EXERCISE
Images do not belong in the copy; retype the rest of the entries below exactly.
※
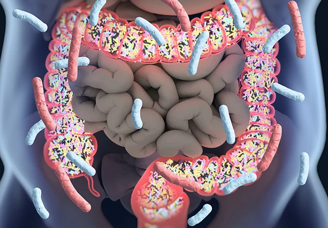 Bifidobakterien siedeln vornehmlich im Dickdarm. Hier übernehmen sie wichtige Verdauungsarbeit und tragen zur Darmgesundheit bei.
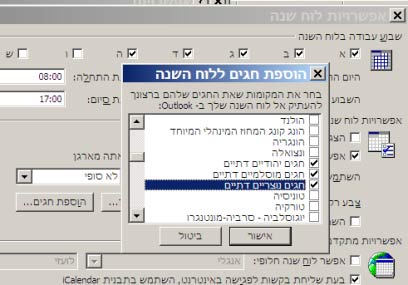 כדי להפעיל את תצוגת החגים באופן רגיל, עליכם להיכנס לכלים, אפשרויות ואז אפשרויות לוח שנה. בחלון שנפתח הקליקו על הוספת חגים, סמנו את החגים הרלוונטיים והקליקו על אישור.
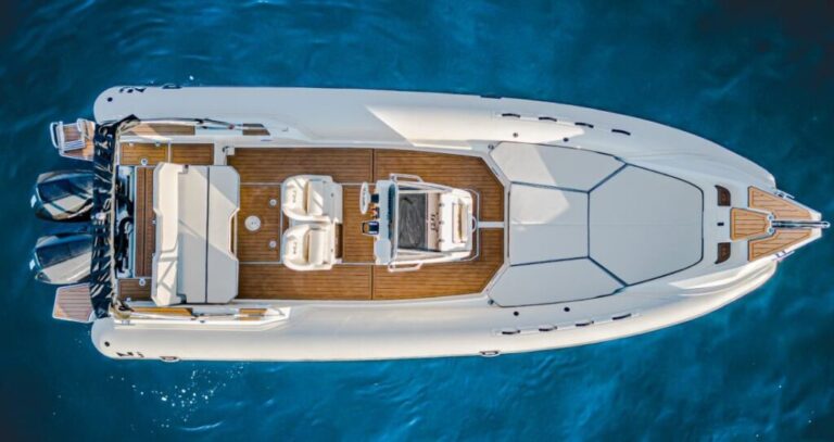 Enfin, la poupe abrite une dernière innovation pratique, à savoir les plates-formes de bain mobiles qui, selon votre choix, peuvent accueillir un ou deux hors-bord jusqu’à 450 cv: ce qui signifie aller vite, mais aussi profiter de cet aspect de la mer que nous ne pouvons pas laisser de côté, à savoir le plaisir et l’adrénaline de la conduite. Dans l’eau, il est très stable, bien planté, mais dès qu’il entre en planage, ses 1400 kg (à sec) disparaissent pour laisser place à une grande maniabilité, ce qui s’ajoute à la liste des aspects positifs.
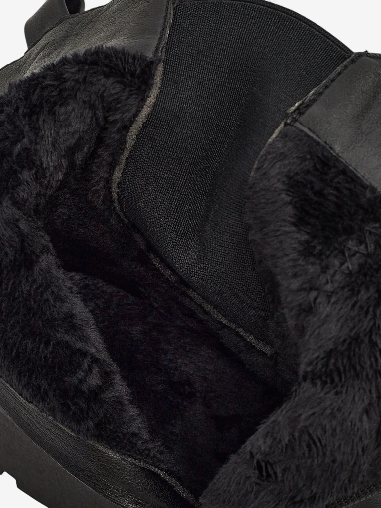 • Bottines pour femmes en cuir écologique, avec fermeture éclair et bout rond, avec en plus une isolation sous forme de fourrure - modernité, confort et style en un. Décorées d'un petit pois avec une boucle.
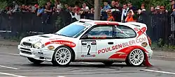 The Toyota Corolla WRC is a World Rally Car built for the Toyota Castrol Team by Toyota Motorsport GmbH to compete in the World Rally Championship. It is based upon the E110 version of Toyota Corolla road car. The car was debuted at the 1997 Rally Finland, and replaced the Toyota Celica Turbo ST205. It won a total of four rally victories and the 1999 World Manufacturers' title.
※
RESULT BELOW
 Bifidobakterien siedeln vornehmlich im Dickdarm. Hier übernehmen sie wichtige Verdauungsarbeit und tragen zur Darmgesundheit bei.
 כדי להפעיל את תצוגת החגים באופן רגיל, עליכם להיכנס לכלים, אפשרויות ואז אפשרויות לוח שנה. בחלון שנפתח הקליקו על הוספת חגים, סמנו את החגים הרלוונטיים והקליקו על אישור.
 Enfin, la poupe abrite une dernière innovation pratique, à savoir les plates-formes de bain mobiles qui, selon votre choix, peuvent accueillir un ou deux hors-bord jusqu’à 450 cv: ce qui signifie aller vite, mais aussi profiter de cet aspect de la mer que nous ne pouvons pas laisser de côté, à savoir le plaisir et l’adrénaline de la conduite. Dans l’eau, il est très stable, bien planté, mais dès qu’il entre en planage, ses 1400 kg (à sec) disparaissent pour laisser place à une grande maniabilité, ce qui s’ajoute à la liste des aspects positifs.
 • Bottines pour femmes en cuir écologique, avec fermeture éclair et bout rond, avec en plus une isolation sous forme de fourrure - modernité, confort et style en un. Décorées d'un petit pois avec une boucle.
 The Toyota Corolla WRC is a World Rally Car built for the Toyota Castrol Team by Toyota Motorsport GmbH to compete in the World Rally Championship. It is based upon the E110 version of Toyota Corolla road car. The car was debuted at the 1997 Rally Finland, and replaced the Toyota Celica Turbo ST205. It won a total of four rally victories and the 1999 World Manufacturers' title.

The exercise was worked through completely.